= Four Battles in North Africa =

Board wargame published in 1976

Four Battles in North Africa is a collection of four board wargames published in 1976 by Simulations Publications, Inc. (SPI) that simulate various battles during the North African Campaign of World War II.

==Description==
Four Battles in North Africa presents a single set of rules, which are used for four different battles: In addition, each battle has a few rules unique to the situation.

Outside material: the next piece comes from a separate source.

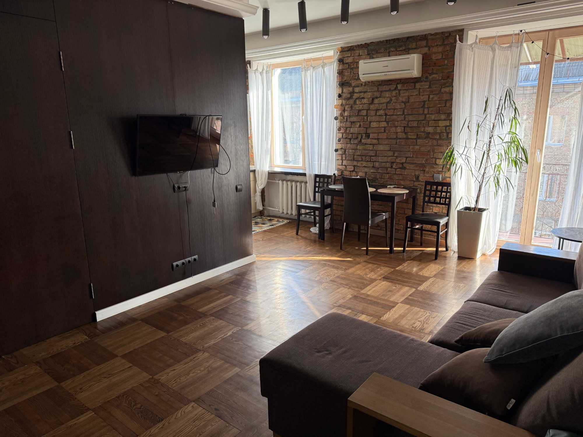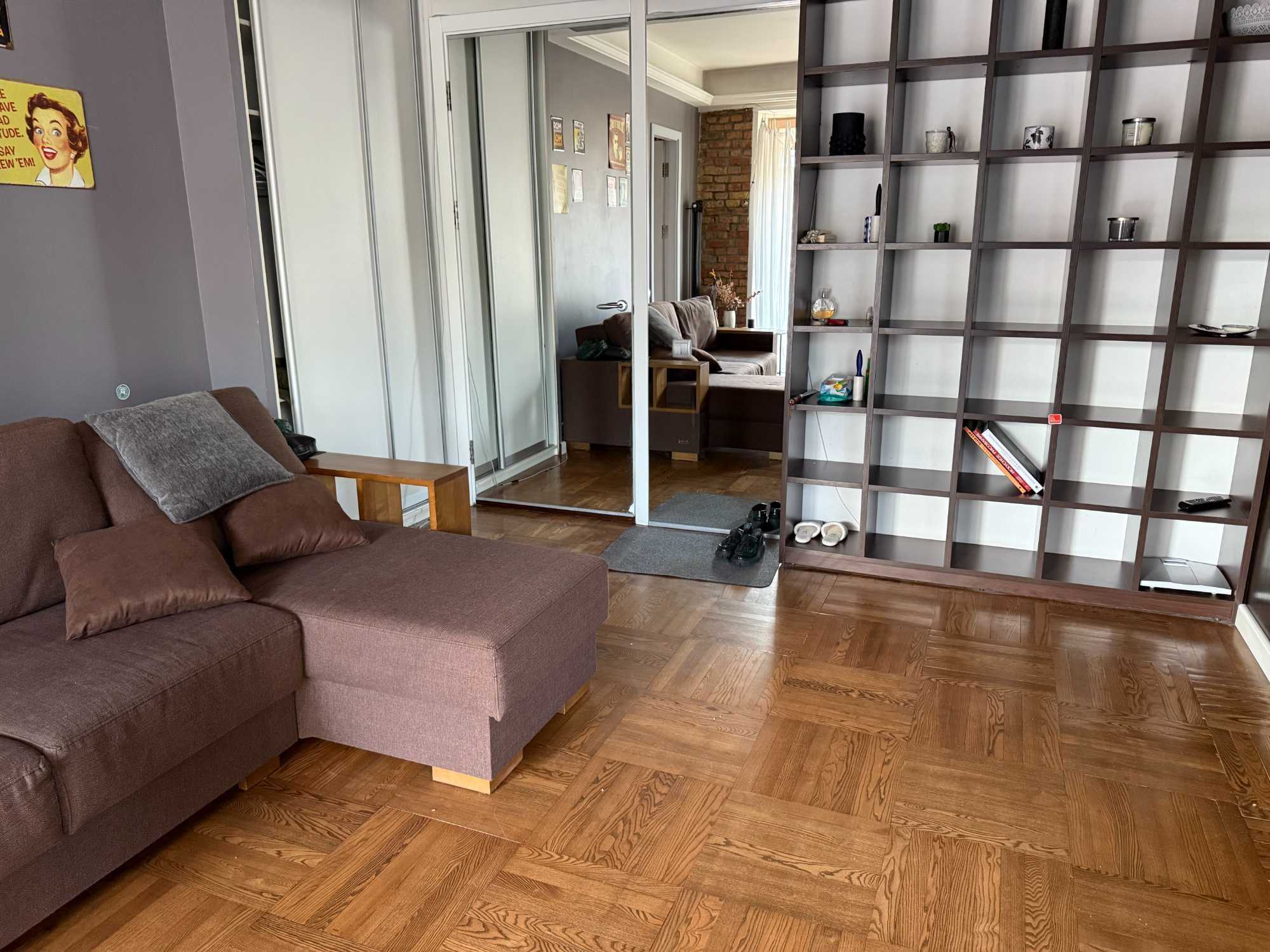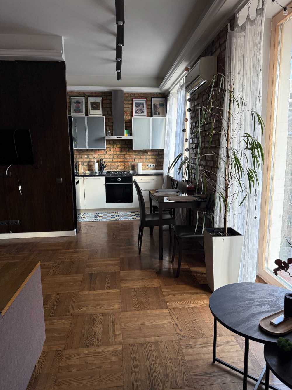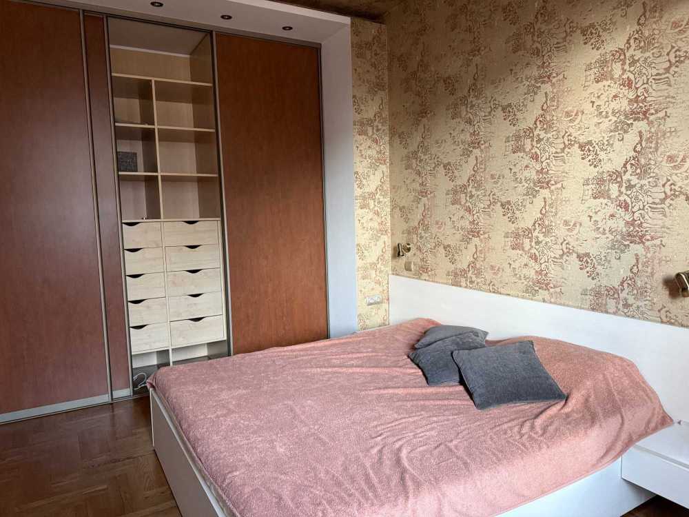 Квартира знаходиться на Печерську, має одну спальню та кухню-студію. У квартирі є балкон, з якого відкривається вид на тихий двір. Кухня обладнана сучасною технікою, включаючи посудомийну машину. Для зручності мешканців передбачено кондиціонери та пральна машина. Дозволено проживання з домашніми тваринами.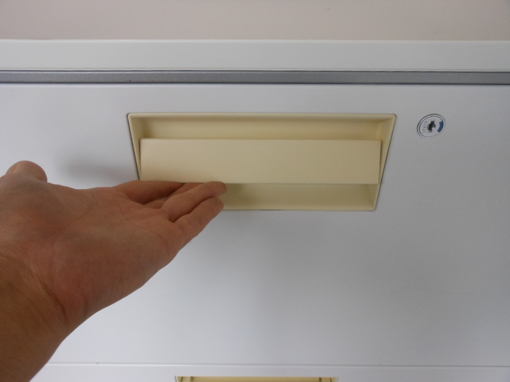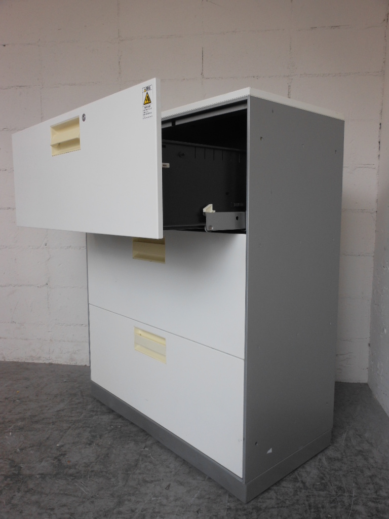 - 多数不具合あり引出の開閉不可、施錠不可、棚板無しといったその書庫の本来の効用を果たすための機能以外の多数が使用不可(例、扉、引出の開閉がしづらいなどがある。 )

The game system is adapted from SPI's 1972 Napoleonic wargame The Battle of Borodino: Napoleon in Russia 1812, which uses a simple alternating series of turns, where one player moves and fires, followed by the other player. To keep the game relatively simple, units cannot be stacked, and each unit's zone of control is "rigid" — enemy units moving into the zone of control must stop and engage in combat. A new rule allows the defender to call upon long-range artillery and air support.

===Battles===
The four battles included in the box are:
- Crusader: Designed by Frank Davis and David Isby, this game simulates Operation Crusader, an Allied offensive in November–December 1941 which led to the lifting of the first Siege of Tobruk. Three scenarios are included: two short scenarios of six turns, and one overall campaign scenario of 20 turns.
- Cauldron: A simulation of the Battle of Gazala of May–June 1942 (an Axis victory which led to the Fall of Tobruk), designed by Howard Barasch.
- Supercharge: Three scenarios about the Battle of El Alamein, designed by Greg Costikyan, Frank Davis, and Redmond A. Simonsen
- Kasserine: The pre-emptive German strike against recently landed American forces at Kasserine Pass, designed by Jay Nelson.

==Publication history==
After SPI pioneered the idea of four games in one box that shared a single set of rules with Blue and Gray in 1975, the concept proved to be popular, and SPI quickly published several more "quadrigames". One of these was Four Battles in North Africa, which was released in 1976 with graphic design by Redmond A. Simonsen. The game debuted at #2 on SPI's Top Ten Bestseller List the month it was released, but fell off the list after only four months. Each of the games was also released individually as a "folio game" (packaged in a cardstock folio).

==Reception==
In Issue 9 of the UK wargaming magazine Phoenix, Ralph Vickers noted the inclusion of four different games — two of which also involved three scenarios each — and commented "For the price it's a rich feast." He liked the improvements made to the basic Borodino rules, calling them "a good example of how far wargame design has progressed in the few years since the advent of Borodino." However, he had issues with several errors and ambiguities that he felt should have been caught by rigorous playtesting. He gave an in-depth review of one of the games, Crusader, and concluded "If all of the games and scenarios are typical of this one, then all are first rate."

In Fire & Movement #6, Warren Williams noted, "As you look at the rules to SPI's North Africa quad, you will notice an amazing similarity to the same publisher's Modern Battles quad. There is a good reason for it — they are the same with some minor changes and a few additions. (Well, let’s face it, it cuts the cost.) Several issues later, Williams added the comment, "Quadrigames are simple, easy to play and require a short period of time (1-2 hours) to complete. There's no need for a tremendous amount of concentration.... The beauty of the system is its simplicity — you can concentrate on the game and not the game mechanics and rules."

In his 1977 book The Comprehensive Guide to Board Wargaming, Nick Palmer described all four games as "distinctly more complex than usual, though still very playable." Palmer also reviewed each of the individual games:
- Crusader: Pamler noted the emphasis on mobile warfare "as the British try to relieve the fortress."
- Cauldron: "Much longer (twenty-six turns) that usual Quad games." Palmer warned that "control of Tobruk is crucial."
- Kasserine: Palmer found this "much less fluid than most North African campaigns, with tense struggles for key positions."
- Supercharge: "More open country than the other games in the Quad, apart from the main German defence line."

In The Guide to Simulations/Games for Education and Training, Martin Campion thought "The games play well, but are not very convincing as representations of World War II desert warfare."